*** ENTRIES PROVIDED Section Begins ***

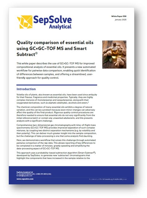Ensuring the quality of essential oils is crucial, as even minor variations can impact their aroma, efficacy, and commercial value. This study demonstrates the power of GC×GC–TOF MS and Smart Subtract®, an automated data comparison tool, in analysing essential oils. By highlighting compositional differences between samples in minutes, this approach simplifies quality control and authenticity verification.
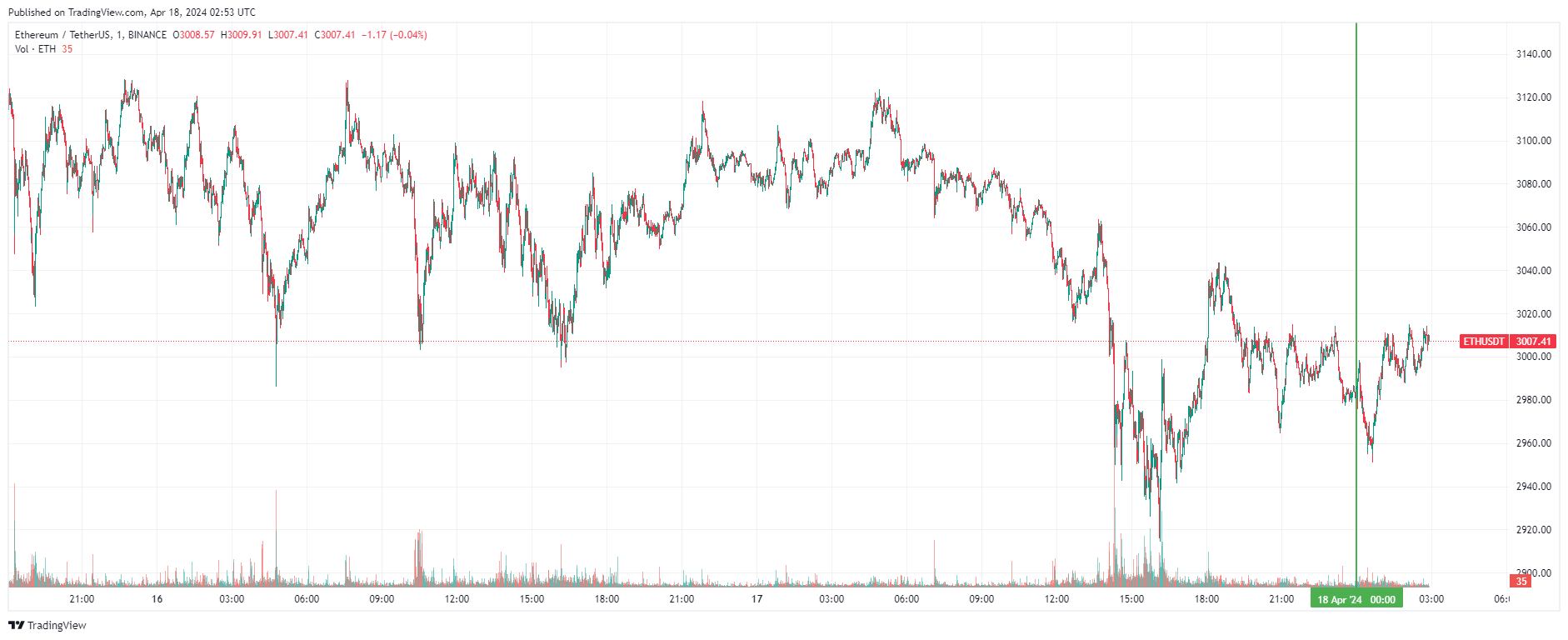 Вторая по капитализации криптовалюта Ethereum также начала день с небольшого снижения с последующим восстановлением. По состоянию на момент написания обзора, монета торгуется по $3 007 (1 токен в рублях — ₽283,223).
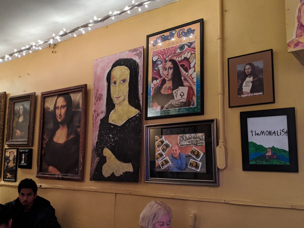 મોનાલીસાનું ડેકોર ખૂબ રમૂજી અને કલાત્મક હતું. આખા રેસ્ટ્રોંમાં બધી જ દીવાલો પર દા વિન્ચીનાં પ્રખ્યાત – ‘મોનાલીસા’ પેઇન્ટિંગનાં અનેક વેરિયેશન લગાવવામાં આવ્યા હતા. નીચે જુઓ તેમાંની બે દીવાલોનો ફોટો.
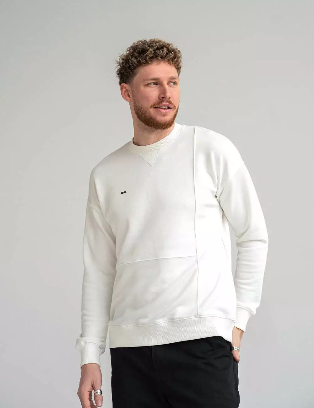 Дизайн свитшота со спущенными плечами и рельефными швами. Манжеты и
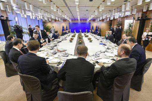 European Union heads of state attend a breakfast meeting at an EU summit in Brussels on Friday, Dec. 15, 2017. European Union leaders were set Friday to authorize a new phase in Brexit talks as time runs short to clinch an agreement on future relations and trade with Britain before it leaves the bloc in March 2019. (John Thys, Pool Photo via AP)
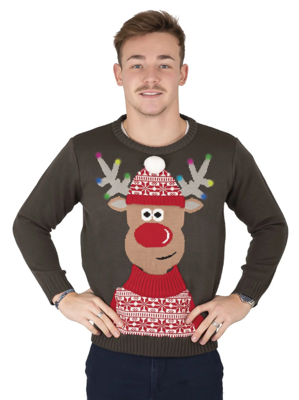 Sur fond gris, ce pull illustre un renne de noël avec un gilet et un bonnet rouge. Il possède également un grand nez rouge puis ses bois sont des décorations lumineuses fonctionnant avec des piles. Le pull possède également un bouton musical pour plus de folie !
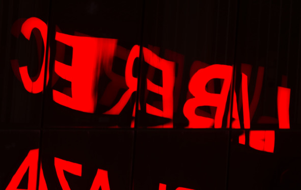 Напротив костела стоит большой торговый центр, на крыше которого горят ярко-красные неоновые буквы, они, в свою очередь, отражаются в стекле современного здания напротив.
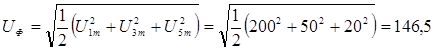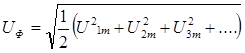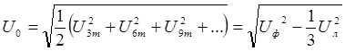- действующее значение всех гармоник нулевой последовательности. В реальных трехфазных цепях четные гармоники, как правило, отсутствуют вообще, а амплитуда 9-й гармоники незначительна, поэтому можно приближенно считать, что U 0 » U 3 , и U 3 m »
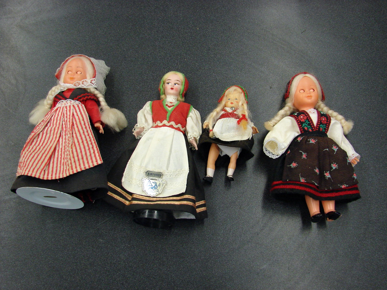 Set/4 Vintage Scandinavian Norway German Swedish Small Dolls Authentic Dresses
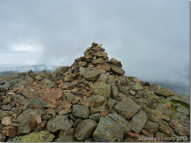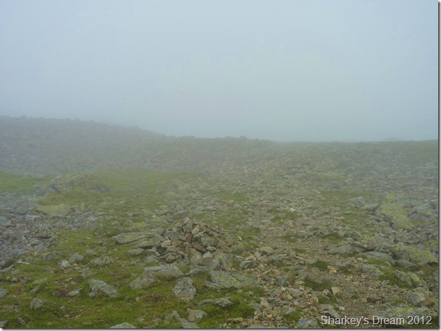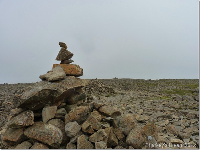 Sadly with not much to see I took this less inspiring shot of the cairn, but I guess all I have to do is wait a wee while for the views to open up. |
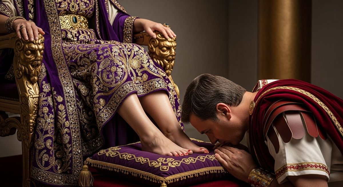 This image shows a Roman Empress seated on a golden throne as a senator kneels before her. The scene evokes the style of high-fashion portrait photography with soft focus and dramatic lighting.
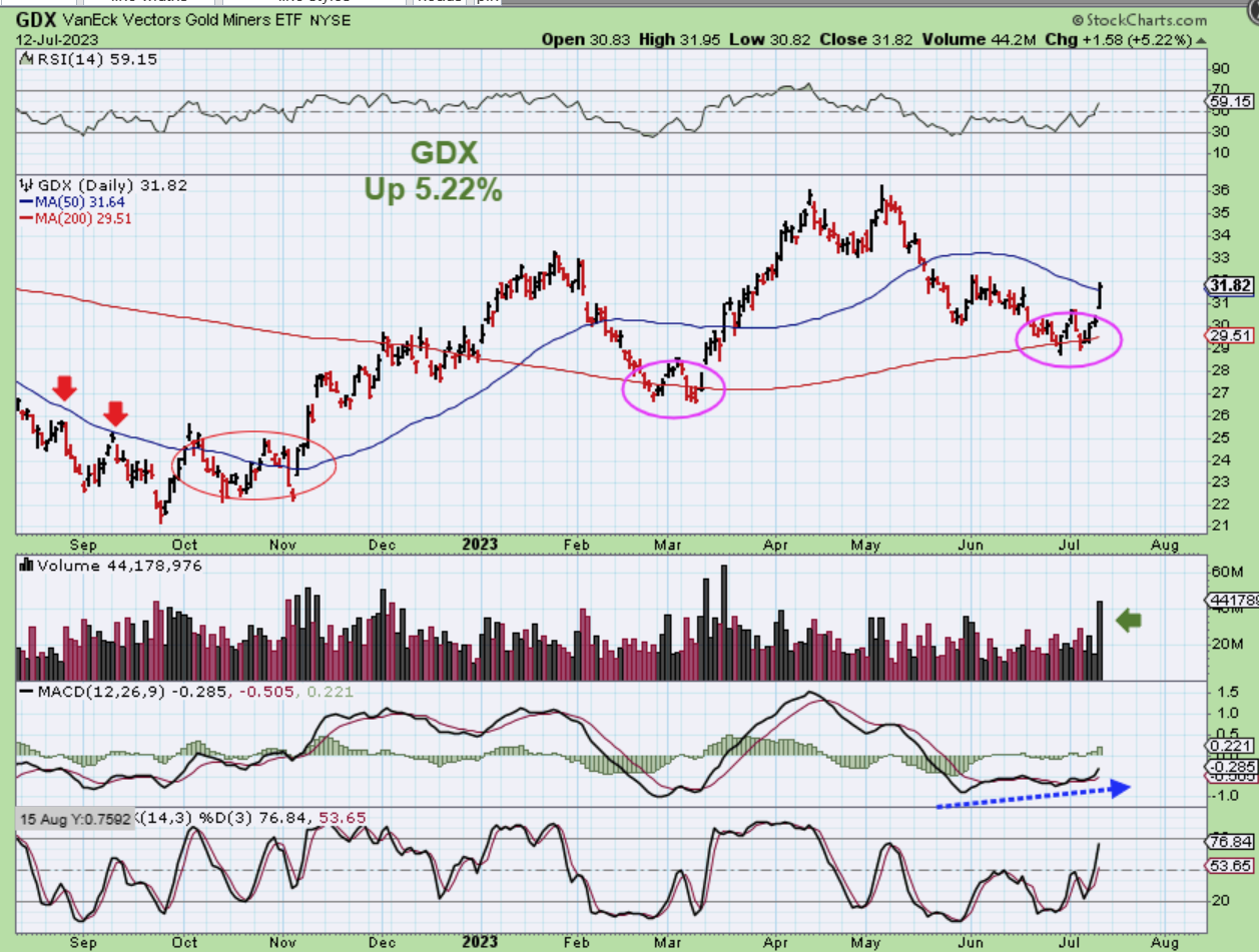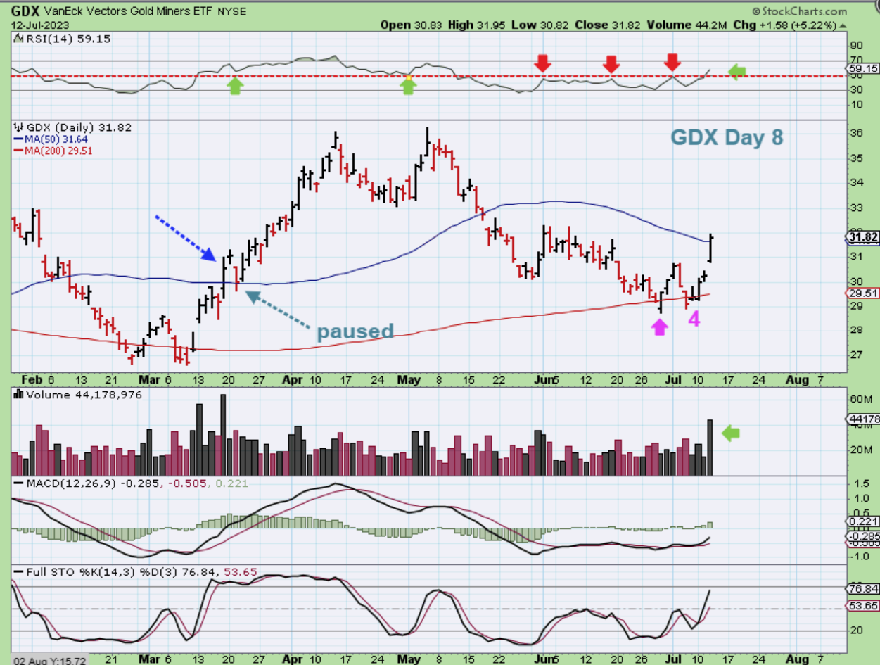 Recently I was showing the similarities on GDX Now and GDX at the March double bottom lows at the 200sma. Now with Wednesdays surge in price as well as volume, and break of the 50sma and the RSI 50, the similarities continue. So…

*** ENTRIES PROVIDED Section Ends ***

An acceptable answer consists of the lines above from the one holding "Дизайн свитшота со" to the end of the data, repeated exactly and containing no pictures.

COMPLETED EXERCISE:
 Дизайн свитшота со спущенными плечами и рельефными швами. Манжеты и
 European Union heads of state attend a breakfast meeting at an EU summit in Brussels on Friday, Dec. 15, 2017. European Union leaders were set Friday to authorize a new phase in Brexit talks as time runs short to clinch an agreement on future relations and trade with Britain before it leaves the bloc in March 2019. (John Thys, Pool Photo via AP)
 Sur fond gris, ce pull illustre un renne de noël avec un gilet et un bonnet rouge. Il possède également un grand nez rouge puis ses bois sont des décorations lumineuses fonctionnant avec des piles. Le pull possède également un bouton musical pour plus de folie !
 Напротив костела стоит большой торговый центр, на крыше которого горят ярко-красные неоновые буквы, они, в свою очередь, отражаются в стекле современного здания напротив.
- действующее значение всех гармоник нулевой последовательности. В реальных трехфазных цепях четные гармоники, как правило, отсутствуют вообще, а амплитуда 9-й гармоники незначительна, поэтому можно приближенно считать, что U 0 » U 3 , и U 3 m »
 Set/4 Vintage Scandinavian Norway German Swedish Small Dolls Authentic Dresses
 Sadly with not much to see I took this less inspiring shot of the cairn, but I guess all I have to do is wait a wee while for the views to open up. |
 This image shows a Roman Empress seated on a golden throne as a senator kneels before her. The scene evokes the style of high-fashion portrait photography with soft focus and dramatic lighting.
 Recently I was showing the similarities on GDX Now and GDX at the March double bottom lows at the 200sma. Now with Wednesdays surge in price as well as volume, and break of the 50sma and the RSI 50, the similarities continue. So…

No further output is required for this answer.